> TASK TO COMPLETE
Return each line of the data below exactly, omitting any pictures.

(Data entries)

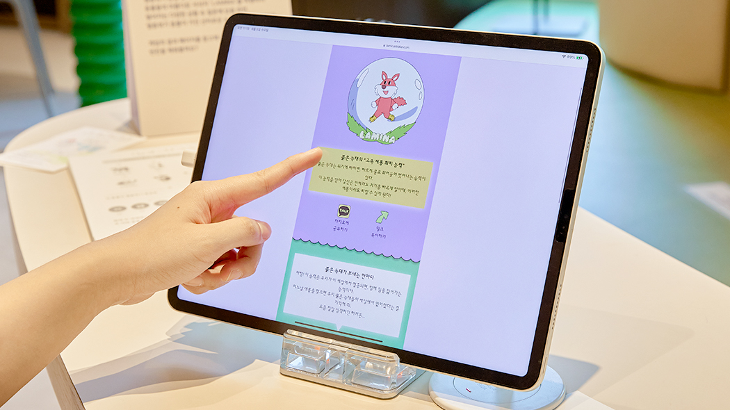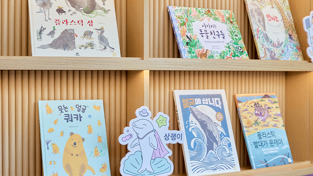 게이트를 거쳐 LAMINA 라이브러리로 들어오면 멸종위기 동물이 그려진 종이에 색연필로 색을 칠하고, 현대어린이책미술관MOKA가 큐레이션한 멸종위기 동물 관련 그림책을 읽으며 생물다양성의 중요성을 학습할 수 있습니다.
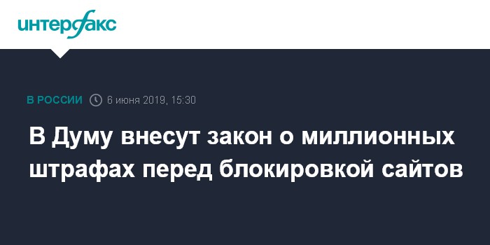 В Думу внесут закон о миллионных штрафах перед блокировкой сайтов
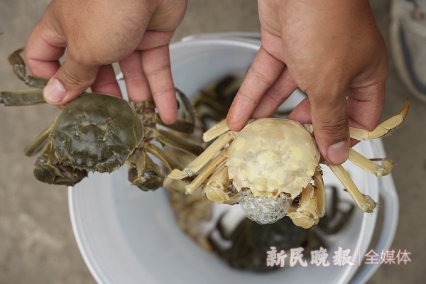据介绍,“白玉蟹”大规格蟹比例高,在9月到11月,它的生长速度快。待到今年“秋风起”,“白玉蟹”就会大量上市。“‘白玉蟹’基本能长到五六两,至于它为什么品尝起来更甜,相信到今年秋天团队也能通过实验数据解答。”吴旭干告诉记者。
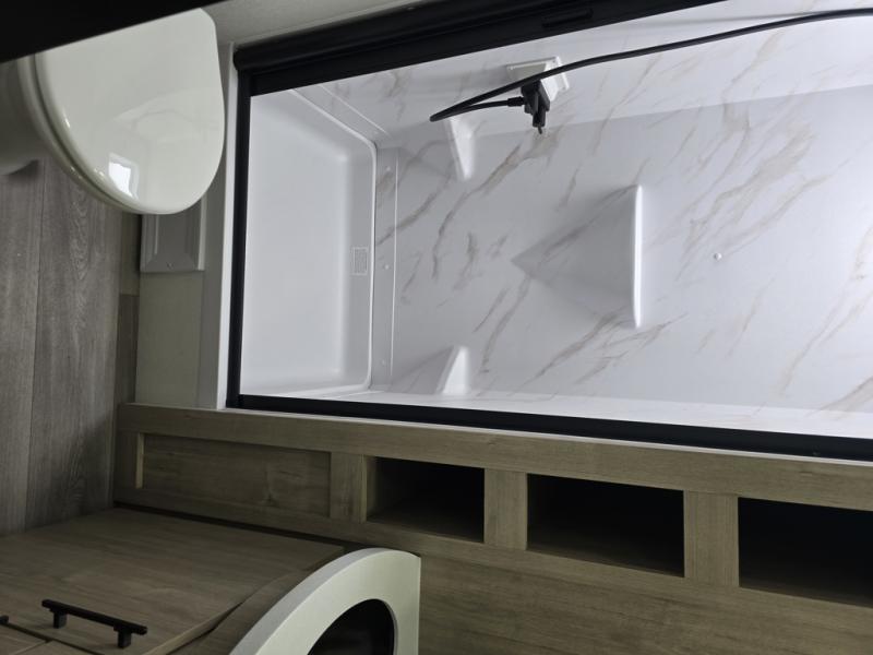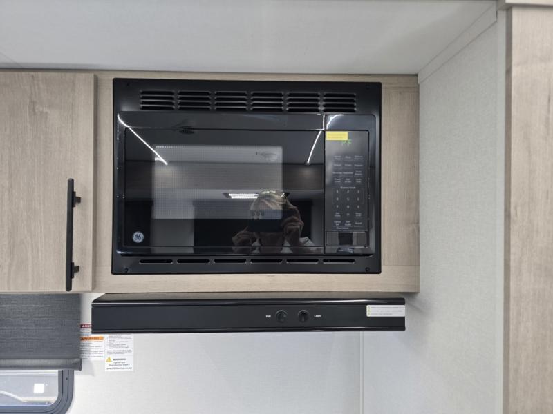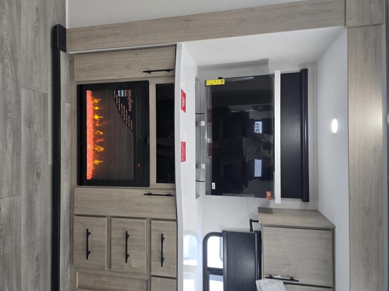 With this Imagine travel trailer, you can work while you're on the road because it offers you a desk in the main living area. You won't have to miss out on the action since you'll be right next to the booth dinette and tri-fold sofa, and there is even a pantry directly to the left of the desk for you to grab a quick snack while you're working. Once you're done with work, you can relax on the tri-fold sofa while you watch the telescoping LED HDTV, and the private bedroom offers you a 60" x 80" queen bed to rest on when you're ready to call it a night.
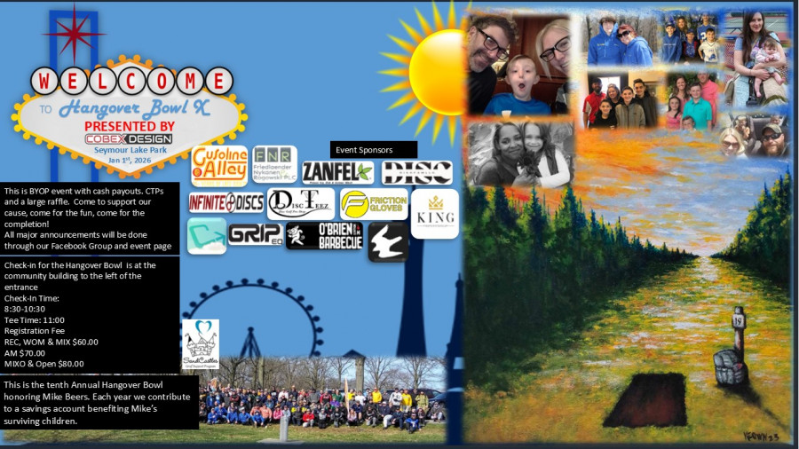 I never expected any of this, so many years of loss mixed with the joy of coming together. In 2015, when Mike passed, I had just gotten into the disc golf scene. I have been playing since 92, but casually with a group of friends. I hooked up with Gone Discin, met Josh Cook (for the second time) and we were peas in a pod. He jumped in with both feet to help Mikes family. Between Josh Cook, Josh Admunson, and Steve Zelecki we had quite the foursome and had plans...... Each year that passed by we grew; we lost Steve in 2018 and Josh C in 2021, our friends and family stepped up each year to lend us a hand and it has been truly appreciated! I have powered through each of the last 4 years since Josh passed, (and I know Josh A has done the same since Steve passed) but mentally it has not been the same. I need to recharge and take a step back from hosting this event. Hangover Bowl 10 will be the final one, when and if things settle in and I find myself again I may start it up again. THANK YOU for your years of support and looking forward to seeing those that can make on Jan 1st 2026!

> REPLY TO THE EXERCISE
 게이트를 거쳐 LAMINA 라이브러리로 들어오면 멸종위기 동물이 그려진 종이에 색연필로 색을 칠하고, 현대어린이책미술관MOKA가 큐레이션한 멸종위기 동물 관련 그림책을 읽으며 생물다양성의 중요성을 학습할 수 있습니다.
 В Думу внесут закон о миллионных штрафах перед блокировкой сайтов
据介绍,“白玉蟹”大规格蟹比例高,在9月到11月,它的生长速度快。待到今年“秋风起”,“白玉蟹”就会大量上市。“‘白玉蟹’基本能长到五六两,至于它为什么品尝起来更甜,相信到今年秋天团队也能通过实验数据解答。”吴旭干告诉记者。
 With this Imagine travel trailer, you can work while you're on the road because it offers you a desk in the main living area. You won't have to miss out on the action since you'll be right next to the booth dinette and tri-fold sofa, and there is even a pantry directly to the left of the desk for you to grab a quick snack while you're working. Once you're done with work, you can relax on the tri-fold sofa while you watch the telescoping LED HDTV, and the private bedroom offers you a 60" x 80" queen bed to rest on when you're ready to call it a night.
 I never expected any of this, so many years of loss mixed with the joy of coming together. In 2015, when Mike passed, I had just gotten into the disc golf scene. I have been playing since 92, but casually with a group of friends. I hooked up with Gone Discin, met Josh Cook (for the second time) and we were peas in a pod. He jumped in with both feet to help Mikes family. Between Josh Cook, Josh Admunson, and Steve Zelecki we had quite the foursome and had plans...... Each year that passed by we grew; we lost Steve in 2018 and Josh C in 2021, our friends and family stepped up each year to lend us a hand and it has been truly appreciated! I have powered through each of the last 4 years since Josh passed, (and I know Josh A has done the same since Steve passed) but mentally it has not been the same. I need to recharge and take a step back from hosting this event. Hangover Bowl 10 will be the final one, when and if things settle in and I find myself again I may start it up again. THANK YOU for your years of support and looking forward to seeing those that can make on Jan 1st 2026!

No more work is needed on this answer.